A cohort of 100 patients was included between February and September 2021, of which 96 underwent CMR imaging (Supplementary Fig. 1). The median (IQR) time interval between SARS-CoV-2 infection and enrolment was 189 (125, 246) days. Mean age was 45.2 ± 12.8 years. The majority of subjects were females (64%), with a mean BMI of 27.1 ± 5.2 kg/m2. Patients had a high prevalence of hypercholesterolemia and smoking history (20% and 41%, respectively).
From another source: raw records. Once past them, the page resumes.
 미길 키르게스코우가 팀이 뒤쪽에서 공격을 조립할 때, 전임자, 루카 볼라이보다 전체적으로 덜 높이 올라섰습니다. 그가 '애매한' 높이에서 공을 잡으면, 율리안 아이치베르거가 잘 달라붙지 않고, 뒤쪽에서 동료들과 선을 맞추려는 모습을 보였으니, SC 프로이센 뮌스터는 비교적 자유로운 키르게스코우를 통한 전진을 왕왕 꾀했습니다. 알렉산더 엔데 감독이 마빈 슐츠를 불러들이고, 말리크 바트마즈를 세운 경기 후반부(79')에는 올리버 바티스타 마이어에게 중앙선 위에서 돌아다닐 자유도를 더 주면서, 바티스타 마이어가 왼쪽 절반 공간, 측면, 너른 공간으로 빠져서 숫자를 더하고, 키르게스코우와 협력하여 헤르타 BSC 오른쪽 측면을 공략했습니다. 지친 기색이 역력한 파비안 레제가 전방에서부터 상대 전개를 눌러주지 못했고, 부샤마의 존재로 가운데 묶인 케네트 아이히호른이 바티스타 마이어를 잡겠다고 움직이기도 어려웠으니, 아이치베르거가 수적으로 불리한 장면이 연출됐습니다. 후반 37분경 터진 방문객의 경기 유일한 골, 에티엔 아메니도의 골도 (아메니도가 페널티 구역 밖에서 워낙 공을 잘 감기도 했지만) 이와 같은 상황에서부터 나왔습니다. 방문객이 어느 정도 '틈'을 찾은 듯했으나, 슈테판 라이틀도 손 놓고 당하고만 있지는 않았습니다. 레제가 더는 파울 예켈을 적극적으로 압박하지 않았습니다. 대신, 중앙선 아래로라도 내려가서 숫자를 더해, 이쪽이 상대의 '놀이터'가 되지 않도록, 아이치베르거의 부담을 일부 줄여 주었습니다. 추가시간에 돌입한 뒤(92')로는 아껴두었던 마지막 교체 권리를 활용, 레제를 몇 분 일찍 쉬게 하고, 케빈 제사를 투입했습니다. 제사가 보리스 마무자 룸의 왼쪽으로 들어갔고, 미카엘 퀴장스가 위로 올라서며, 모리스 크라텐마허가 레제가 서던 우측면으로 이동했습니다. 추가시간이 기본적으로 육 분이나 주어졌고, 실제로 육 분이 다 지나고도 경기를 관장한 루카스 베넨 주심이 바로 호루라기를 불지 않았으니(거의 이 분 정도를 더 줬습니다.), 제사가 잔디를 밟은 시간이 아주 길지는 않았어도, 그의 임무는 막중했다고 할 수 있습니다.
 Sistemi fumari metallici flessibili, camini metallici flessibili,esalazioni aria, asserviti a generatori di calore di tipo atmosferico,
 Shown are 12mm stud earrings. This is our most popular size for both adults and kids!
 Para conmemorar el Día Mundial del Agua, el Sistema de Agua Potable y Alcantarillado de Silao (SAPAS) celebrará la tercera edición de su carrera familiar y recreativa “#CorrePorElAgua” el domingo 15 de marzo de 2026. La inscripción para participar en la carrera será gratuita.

Baseline characteristics are shown in Table 1.

Table 1.

Baseline characteristics.

Participants 100
Age, y 45.2 ± 12.8
Female, sex 64 (64)
Ethnicity, Caucasian 96 (96)
Blood pressure (systolic), mmHg 133.9 ± 16.4
Blood pressure (diastolic), mmHg 82.2 ± 10.6
Heart rate, bpm 73.0 ± 12.0
Height, m 1.7 ± 0.1
Weight, kg 78.4 ± 17.8
BMI, kg/m2 27.1 ± 5.2
Oxygen saturation, % 97.7 ± 1.2
Temperature, °C 36.5 ± 0.4
Duration since index SARS-CoV-2 diagnosis (days) 189 (125, 246)
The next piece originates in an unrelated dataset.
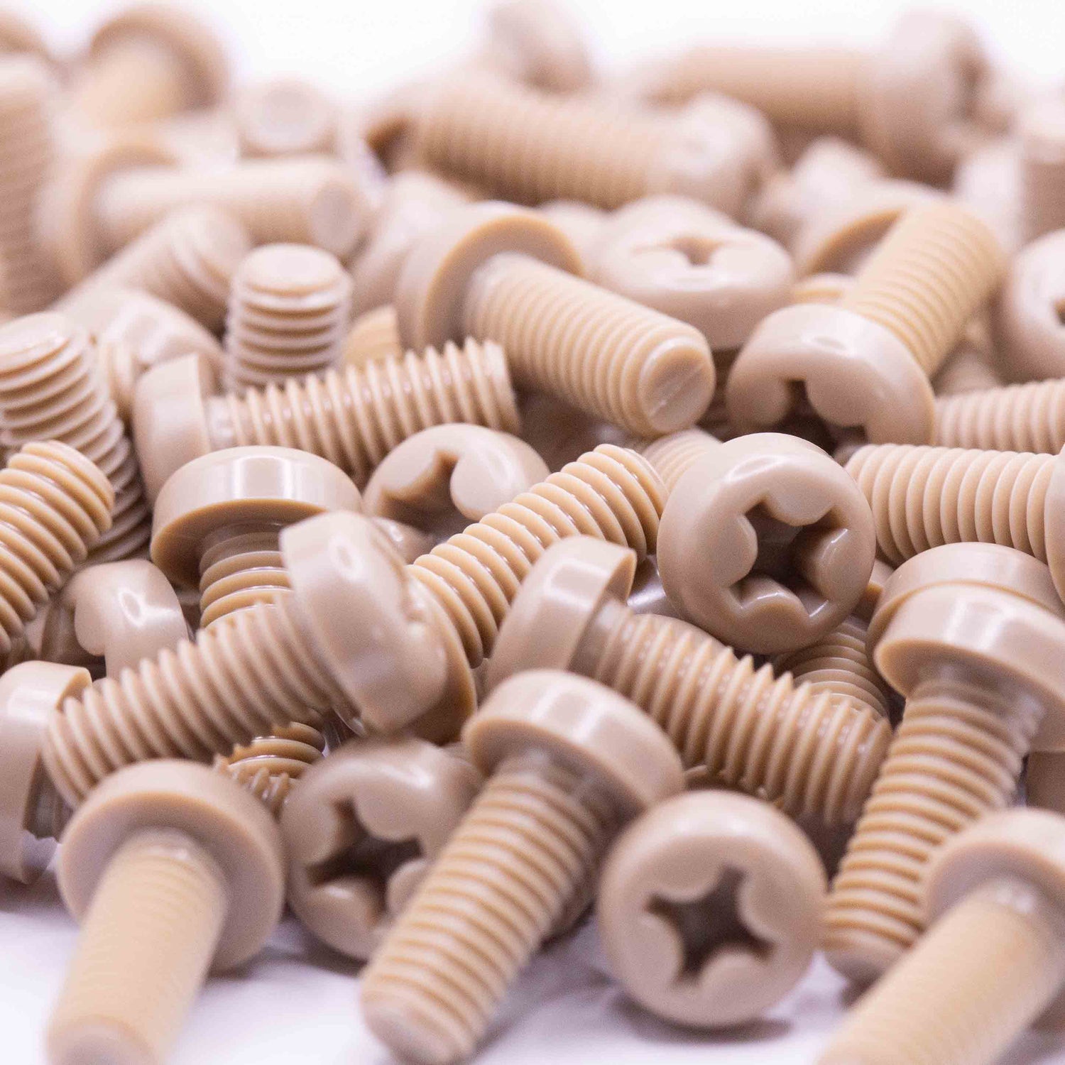 When compared to other polymer screws such as Nylon and ABS PEEK outperforms in mechanical capability, even at very high temperatures.

History of hypertension 12 (12)
History of diabetes mellitus 1 (1)
History of Hypercholesterolemia 20 (20)
History of Heart failure 0 (0)
History of chronic obstructive pulmonary disease/asthma 7 (7)
History of stroke 1 (1)
History of deep vein thrombosis/pedal oedema 5 (5)
 New onset deep vein thrombosis/pedal oedema 3/5 (60)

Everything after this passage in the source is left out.